This painting, by the French artist Pierre Subleyras (c. 1699-1749), recalls stories of Emperor Heraclius of Constantinople (r. 610-641) and the role that he played in rescuing a holy relic. The relic in question was an item of interest during a long war between Constantinople and Persia that occurred between 602 and 628. War between the two empires was sparked in 602, when Emperor Phocas took power in Constantinople by overthrowing the previous emperor, Maurice—an emperor who had close and friendly relations with the Persian ruler, Khosrow II (r. 591-628). When news of Emperor Maurice’s downfall reached Persia, Khosrow II declared war on the upstart emperor, Phocas, beginning a conflict that would rage for over two and a half decades. Phocas’ military fared poorly against the Persians, and general discontent with his rule ultimately led to the ascendance of Heraclius, who overthrew and executed Phocas in 610.
As the new emperor of Constantinople, Heraclius now had to deal with the war with Persia, which had been going poorly for Constantinople up to that point. Heraclius, however, did not rush to face the Persians—he spent his first decade in power mainly solidifying his authority and also dealing with more immediate threats from Avar incursions near the capital city. During that time, the Persian onslaught was still continuing, and most important for the painting above, the Persians conquered the regions of Syria and Palestine in 614. While passing through Jerusalem, the Persians obtained a relic that was supposedly a piece of the cross used in Jesus’ crucifixion (a relic often referred to as the “precious and lifegiving wood”). The chronicler, Theophanes (c. 750s-818), referenced the event of this relic being obtained by the Persians. He wrote, “The Persians captured and led off to Persia Zachariah the patriarch of Jerusalem, the precious and lifegiving wood, and many prisoners” (Theophanes, Chronographia, entry for Annus Mundi 6106).
Around 622, Emperor Heraclius finally shifted to an offensive stance in his war against Persia, and in the following years of warfare he brought the Persian court to its knees by boldly invading deep into Persian territory, where he outmaneuvered and inflicted successive defeats on Persian armies. Khosrow, after being chased by Heraclius all the way back to the Persian capital city of Ctesiphon in 628, found himself imperiled by mutinous generals and treacherous family members. Ultimately, Khosrow II was overthrown by his eldest son, known variously as Shērōē (or Siroes), Qobad, or Kavadh II. This treacherous son made peace with Emperor Heraclius, and in the negotiations that ensued, the cross relic that had been taken from Jerusalem was transferred into the custody of Heraclius. Peace achieved and the cross relic in his possession, Emperor Heraclius first returned to Constantinople, but then he quickly arranged for a trip to Jerusalem, where the cross relic would be returned. Commenting on this pilgrimage to Jerusalem, the chronicler Theophanes wrote, “Herakleios entered Jerusalem. He restored Zachariah the patriarch and the precious and lifegiving wood to their own place and gave thanks to God” (Theophanes, Chronographia, entry for Annus Mundi 6120).

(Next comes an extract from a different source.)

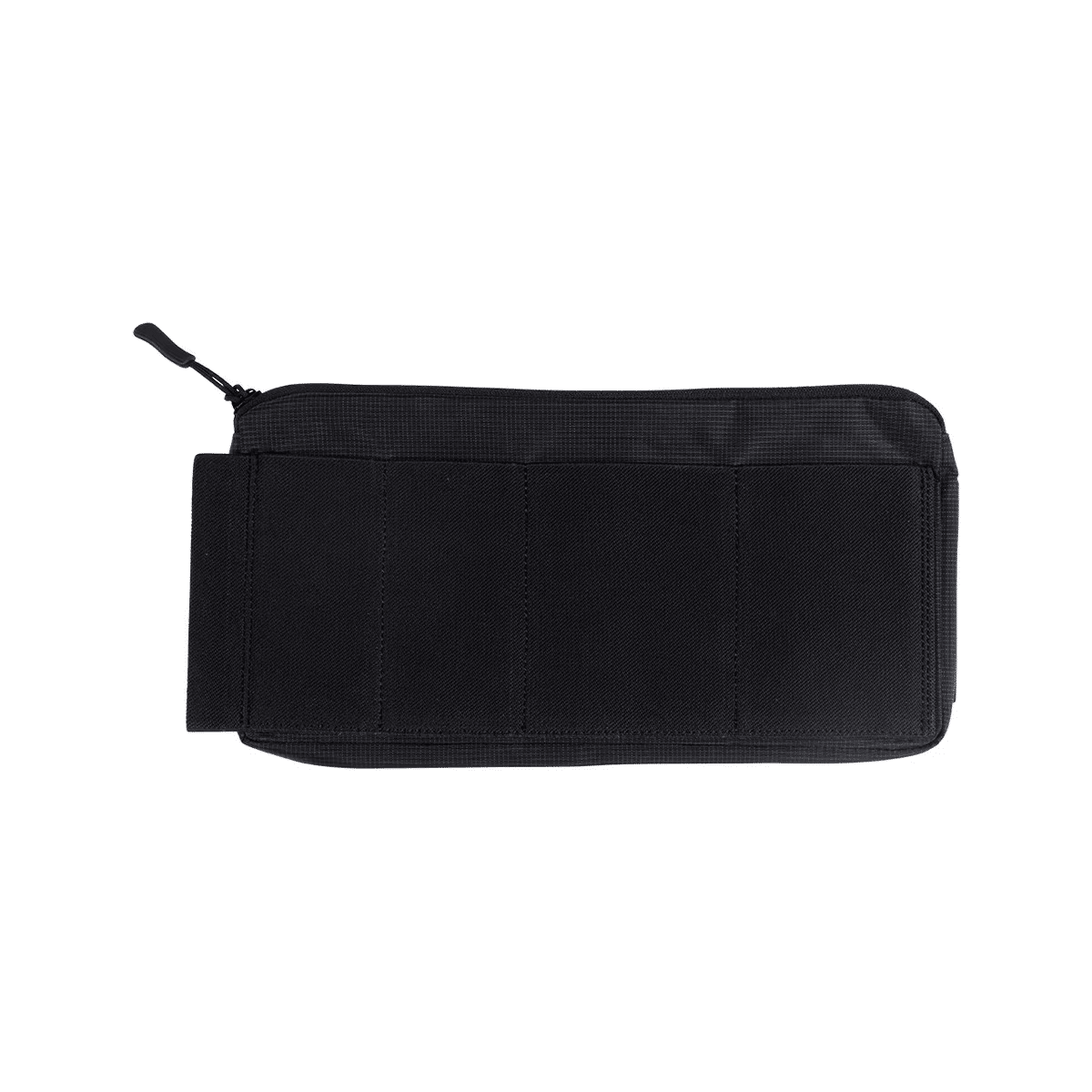 A Velcro backed admin pouch with a zippered main compartment and multiple external elastic loops. Ideal for organizing EDC gear like a small med kit, tech accessories, or any other essential daily carry needs.

The cross, however, did not remain long in Jerusalem. Although the war with Persia was over, another great war was just beginning. It just so happened that Islam come into being in Arabia while the age-old rivals of the Roman Empire and Persia were squandering each other’s resources and manpower in their latest long war (lasting from 602-628). Therefore, after Persian troops had marched the to the vicinity of Constantinople, and after Heraclius subsequently reversed the tide of war and marched his forces to the outskirts of Ctesiphon, it was now time for Arab armies to pour out of Arabia and wreak havoc on the exhausted realms of Constantinople and Persia. During the reign of the first caliph, Abū Bakr (r. 632-634), Arab armies began expanding into the regions of Jordan, Palestine, Syria and Iraq, and these expansionist wars increased dramatically during the reign of the second caliph, Umar I (r. 634-644). The threat from these invasions caused Emperor Heraclius to retrieve the cross relic from Jerusalem. Theophanes, the aforementioned chronicler, wrote, “Herakleios had despaired and abandoned Syria; he took the precious wood from Jerusalem and went off to Constantinople” (Theophanes, Chronographia, entry for Annus Mundi 6125).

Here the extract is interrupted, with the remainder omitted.